Latest update shows threat is on the rise

Farmers and animal health professionals are being warned to be on their guard for blowfly strike following the latest update from National Animal Disease Information Service and Elanco.

According to the update, risk levels are currently at “medium” across the UK. However, experts believe this is likely to increase in the imminent future.
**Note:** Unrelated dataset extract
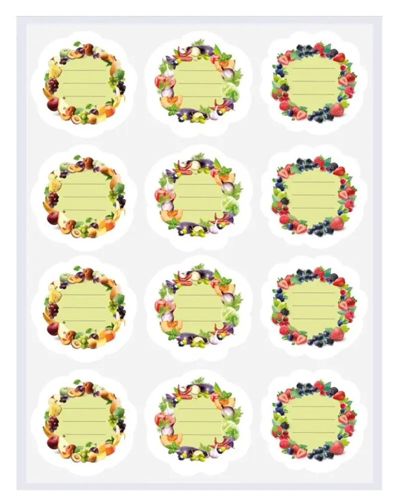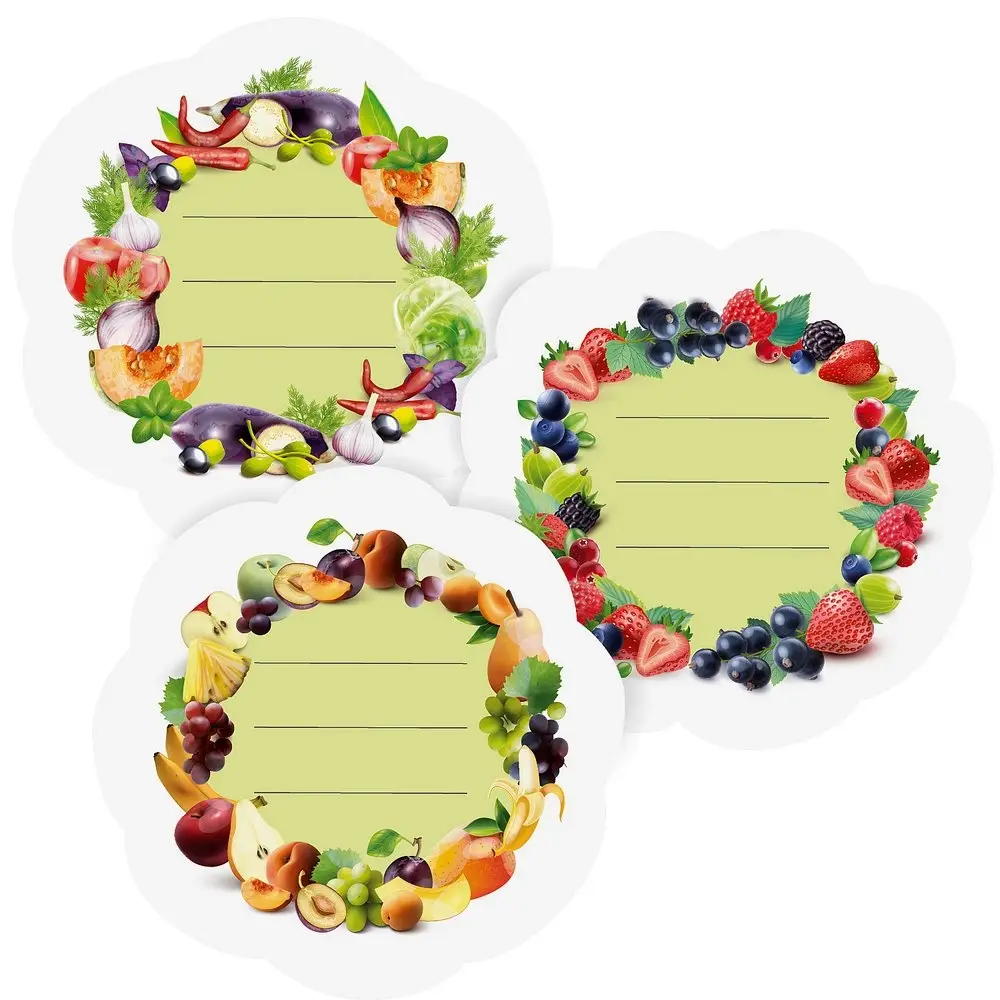 Самоклеящиеся наклейки предназначены для маркировки банок с овощными заготовками, салатами, вареньем, компотами. Также подойдут для маркировки крышек, контейнеров и баночек со специями и крупами. С помощью ярких наклеек вы сможете сохранить информацию о домашней заготовке, и указать дату изготовления. Клеить можно на любые не слишком рельефные поверхности. Поверхность должна быть чистая, сухая и обезжиренная. Наклейки расположены на листе, прорезаны по контуру, снимите ее с подложки и нанесите на поверхность.
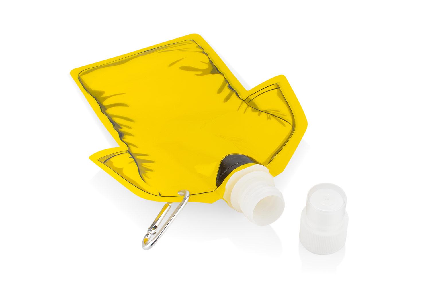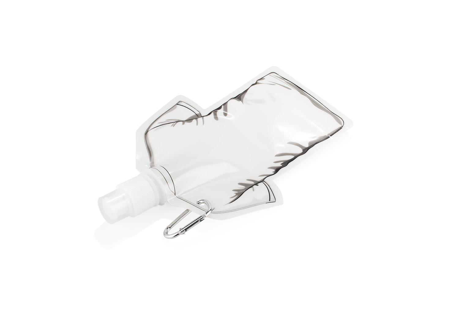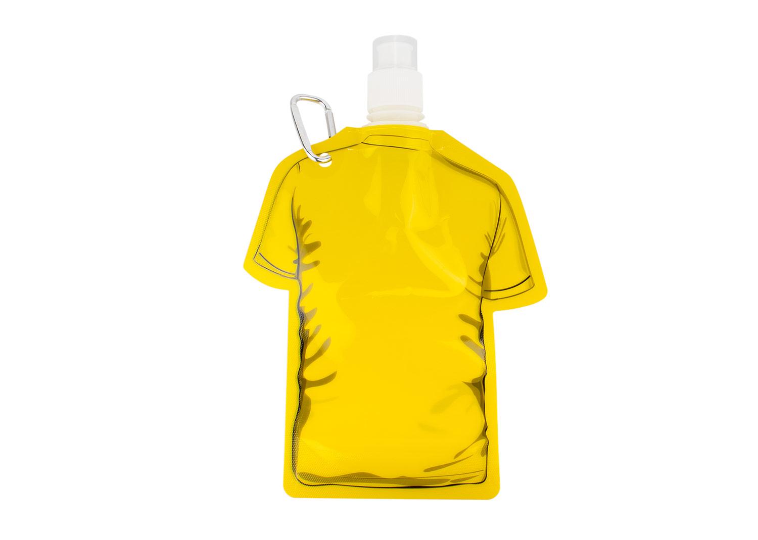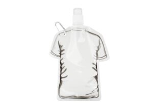 Botella plegable con forma de camiseta, fabricada en PET, ideal para actividades al aire libre o eventos. Su diseno compacto permite doblarla cuando esta vacia, ahorrando espacio en mochilas o bolsos. Cuenta con tapa de cierre giratorio y boquilla con tapa adicional, que garantiza un consumo higienico y seguro. Incluye gancho carabinero para sujetarla facilmente a mochilas, cinturones o llaveros. Capacidad: 480 ml / 16 Oz || Material: PET || Tamaño: 16.7 cm de ancho x 25.2 cm de alto

Reports of blowfly cases by farmers on the Elanco Blowfly Strike Tracker reveal sheep struck across almost the entirety of the UK.  
Richard Wall, professor of zoology and compiler of the Blowfly Risk Alerts said: "Although temperatures are increasing, dry weather stops maggots surviving, particularly on lambs, and so limits strike risk. However, rain in late May or early June will seriously increase the risk, especially for ewes, so consider applying appropriate strike treatment, extra care when checking sheep or early shearing." 
 
"Blowfly populations are generally slow to build up over the early part of Spring and Summer, but warm wet weather can change the risk quickly. Good preparation for strike control and continuous vigilance are important."
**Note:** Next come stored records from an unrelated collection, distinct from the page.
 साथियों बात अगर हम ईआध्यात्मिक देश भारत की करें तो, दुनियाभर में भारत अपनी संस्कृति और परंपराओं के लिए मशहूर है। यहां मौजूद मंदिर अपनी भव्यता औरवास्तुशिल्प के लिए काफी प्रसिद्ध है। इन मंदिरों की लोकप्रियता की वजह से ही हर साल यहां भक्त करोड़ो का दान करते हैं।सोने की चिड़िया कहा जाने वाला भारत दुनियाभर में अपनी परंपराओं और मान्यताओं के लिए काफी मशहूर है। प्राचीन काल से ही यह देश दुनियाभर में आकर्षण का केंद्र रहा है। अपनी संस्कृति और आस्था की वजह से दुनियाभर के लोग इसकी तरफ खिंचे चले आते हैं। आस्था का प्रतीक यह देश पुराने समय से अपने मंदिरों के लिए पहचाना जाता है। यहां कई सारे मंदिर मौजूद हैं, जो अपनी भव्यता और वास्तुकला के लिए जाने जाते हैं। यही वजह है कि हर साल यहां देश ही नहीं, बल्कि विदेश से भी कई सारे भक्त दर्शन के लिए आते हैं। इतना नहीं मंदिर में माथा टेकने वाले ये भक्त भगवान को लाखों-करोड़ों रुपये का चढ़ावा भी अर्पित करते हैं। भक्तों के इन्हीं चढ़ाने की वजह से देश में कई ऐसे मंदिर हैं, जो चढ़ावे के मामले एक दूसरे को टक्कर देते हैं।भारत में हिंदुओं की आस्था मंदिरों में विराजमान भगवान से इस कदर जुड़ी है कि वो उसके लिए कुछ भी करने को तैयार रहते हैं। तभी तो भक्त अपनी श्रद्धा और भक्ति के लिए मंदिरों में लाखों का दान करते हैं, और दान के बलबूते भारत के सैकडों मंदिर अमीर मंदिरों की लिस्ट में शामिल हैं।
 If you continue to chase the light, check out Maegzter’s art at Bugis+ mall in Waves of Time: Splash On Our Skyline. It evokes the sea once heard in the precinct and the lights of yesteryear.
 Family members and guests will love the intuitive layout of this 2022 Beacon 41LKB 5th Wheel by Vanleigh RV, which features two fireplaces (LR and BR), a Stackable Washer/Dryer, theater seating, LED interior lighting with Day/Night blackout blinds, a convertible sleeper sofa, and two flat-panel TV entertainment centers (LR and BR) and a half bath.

Independent sheep veterinary consultant Dr Fiona Lovatt commented: "Many farmers will wait and treat later due to perceived savings in treatment cost, but this is a false economy as the duration of efficacy for some products is so long anyway.”

"Treating earlier in the year means a smaller lamb and so potentially a smaller dose, which is a genuine saving."

A study by Elanco conducted in partnership with the National Farm Research Unit found that 99 per cent of farmers have suffered financial loss as a result of blowfly strike. A further 82 per cent agreed the blowfly season is getting longer, with cases of strike being reported as early as February and as late as November.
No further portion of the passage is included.